8. Mutual Nondisparagement. Executive agrees to refrain from any disparagement, defamation, libel, or slander of any of the Releasees, and agrees to
refrain from any tortious interference with the contracts and relationships of any of the Releasees. The Company, on behalf of itself and its officers, directors
and managing agents, agrees to refrain from any disparagement, defamation, libel, or slander of or about Executive, and agrees to refrain from any tortious
interference with the contracts and relationships of Executive. Executive understands that the Company's obligations under this paragraph extend only to the
Company's current and future executive officers and members of its Board of Directors, and only for so long as each officer or member is an Executive or
Director of the Company, as applicable.
9. No Admission of Liability. The Parties understand and acknowledge that this Agreement constitutes a compromise and settlement of any and all
actual or potential disputed claims by the Parties. No action taken by either Party hereto, either previously or in connection with this Agreement, shall be
deemed or construed to be (a) an admission of the truth or falsity of any actual or potential claims or (b) an acknowledgment or admission by either Party of
any fault or liability whatsoever to the other Party or to any third party.

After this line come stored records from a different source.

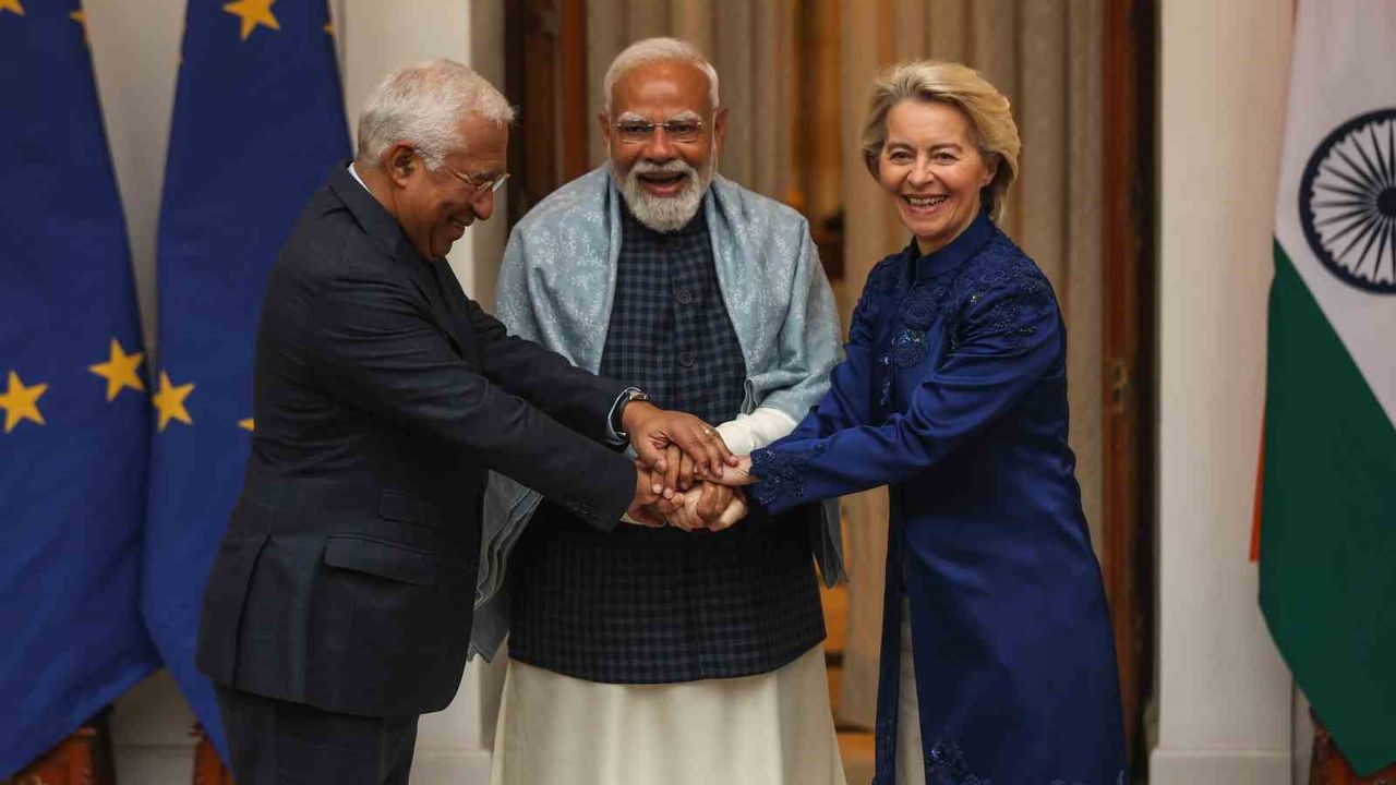 Avrupa Birliği (AB) liderleri, ABD Başkanı Donald Trump'ın yaptırım tehditleri gölgesinde Hindistan'da tarihi bir ticaret anlaşmasına imza attı. Avrupa Birliği (AB) Konseyi Başkanı Antonio Costa, AB Komisyonu Başkanı Ursula von der Leyen ve Hindistan Başbakanı Narendra Modi, başkent Yeni Delhi'de gerçekleştirilen Hindistan-AB Zirvesi'nde 'tüm anlaşmaların anası' olarak tanımlanan tarihi serbest ticaret anlaşmasını ve karşılıklı iş birliğine ilişkin belgeler imzaladı. Liderler imza töreninin ardından ortak basın toplantısı düzenledi.
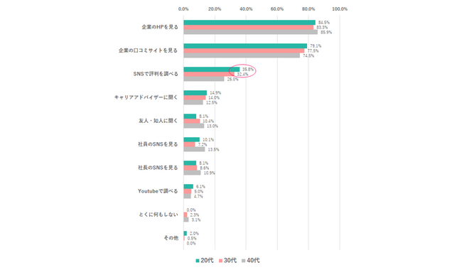 求人情報を見る以外に行う情報収集としては、1位「企業のHPを見る」84.5%、2位「企業の口コミサイトを見る」77.0%となっており、この2つは大多数の人が行っていることがわかった。
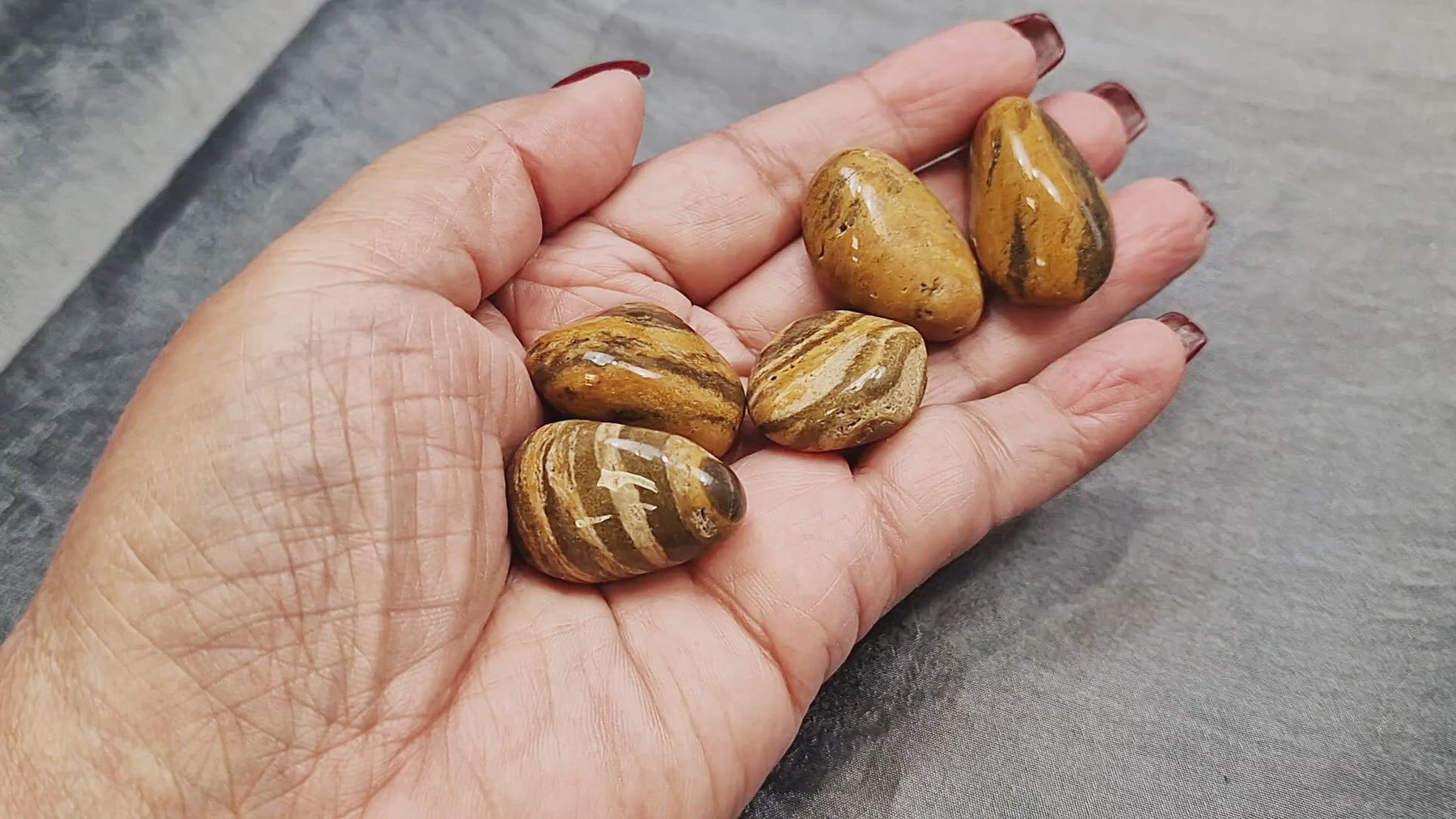 We will intuitively choose a Cappuccino Jasper Tumble Stone from our collection for you. Each stone has unique patterning of cream, caramel and brown hues — no two are identical.

10. Tax Consequences. The Company makes no representations or warranties with respect to the tax consequences of the payments provided to
Executive or made on his behalf under the terms of this Agreement. Executive agrees and understands that he is responsible for payment, if any, of personal
local, personal state, and/or personal federal taxes on the payments and any other consideration provided hereunder by the Company and any penalties or
assessments thereon. Executive further agrees to indemnify and hold the Company harmless from any claims, demands, deficiencies, penalties, interest,
assessments, executions, judgments, or recoveries by any government agency against the Company for any amounts claimed due on account of (a) Executive's
failure to pay or Executive's delayed payment of Executive's personal federal or personal state taxes, or (b) damages sustained by the Company by reason of
any claims, specifically set forth in (a) above, including attorneys' fees and costs. The foregoing payments and benefits set forth in Section 1(a) – (c) of this
Agreement are intended to be exempt from the requirements of Section 409A of the Internal Revenue Code of 1986, as amended.